After falling to as low as ₹ 565.60 on BSE in intra-trading, the shares closed 5.03% lower at ₹ 573.60 on a day the exchange’s benchmark Sensex fell 0.37% to 21.774.61 points.
The contribution of the Karkhadi facility, near Vadodara, to Sun Pharma’s consolidated revenue is negligible, and the drug maker maintains its 2013-14 fiscal’s consolidated sales growth forecast, a Sun Pharma spokesman said in a statement.
“The company remains fully committed to compliance and has already initiated several corrective steps to address the observations made by the US FDA (Food and Drug Administration)," the spokesperson said.
Sun Pharma manufactures active pharma ingredients and formulations at its Karkhadi unit. The drug maker operates some 12 US-approved factories—six in the US, three in India and one each in Canada, Israel and Hungry, and it has sufficient manufacturing capacity to serve export markets.
“Thus, the company has well diversified manufacturing infrastructure to cater to the US markets, which contribute around 54% to its sales," said sector analyst Sarabjit Kour Nangra at Angel Broking Ltd.
Sun Pharma’s subsidiaries, including Taro Pharmaceutical Industries Ltd, Caraco Pharmaceutical Laboratories Ltd and the recently acquired DUSA Pharmaceuticals Inc., among others, currently account for a major chunk of sales and growth.

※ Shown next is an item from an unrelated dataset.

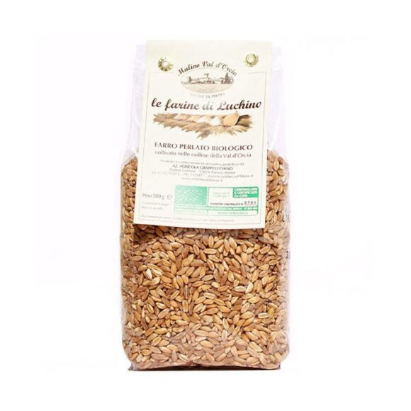 Geperlter Bio-Dinkel, hergestellt und verpackt in Val d’Orcia von der Firma Mulino Val d’Orcia.Dinkel ist das kalorienärmste Getreide und eignet sich dank seines hohen Proteingehalts (15%) in Kombination mit Hülsenfrüchten für köstliche und nicht zu kalorienreiche Eintopfgerichte. Außerdem ist er reich an Ballaststoffen, die das Hungergefühl bremsen und die Darmtätigkeit regulieren. Es muss nicht eingeweicht werden und ist schnell gekocht.

“We estimate the impact of the import alert on Sun Pharma’s Karkhadi plant at less than 1% of Sun’s total sales," said Balaji Prasad, a sector analyst with Barclays Securities (India) Pvt. Ltd.
“However, we note that Sun’s premium valuations yield limited down-side support should such operational risks become repetitive."
The FDA alert on Sun Pharma’s Karkhadi plant was a follow-up to observations from the last inspection of the regulator in December and is related to the non-compliance with current good manufacturing practices.
Sun Pharma resolved a much larger issue of similar nature at a US factory belonging to its subsidiary Caraco in 2013 after a nearly six-year long compliance exercise. It’s the first such FDA action it’s facing in India in several years.
The US regulator, which has expanded its inspection network in India by adding more people to the team and also by initiating surprise inspections, had issued import alerts on at least half a dozen drug manufacturing units in the last couple of years.
India’s largest drug maker Ranbaxy Laboratories Ltd has been the worst hit by FDA actions in the recent past; the US drug regulator banned its export-oriented formulation unit at Mohali and the active ingredients factory at Toansa, both in Punjab, in the last seven months.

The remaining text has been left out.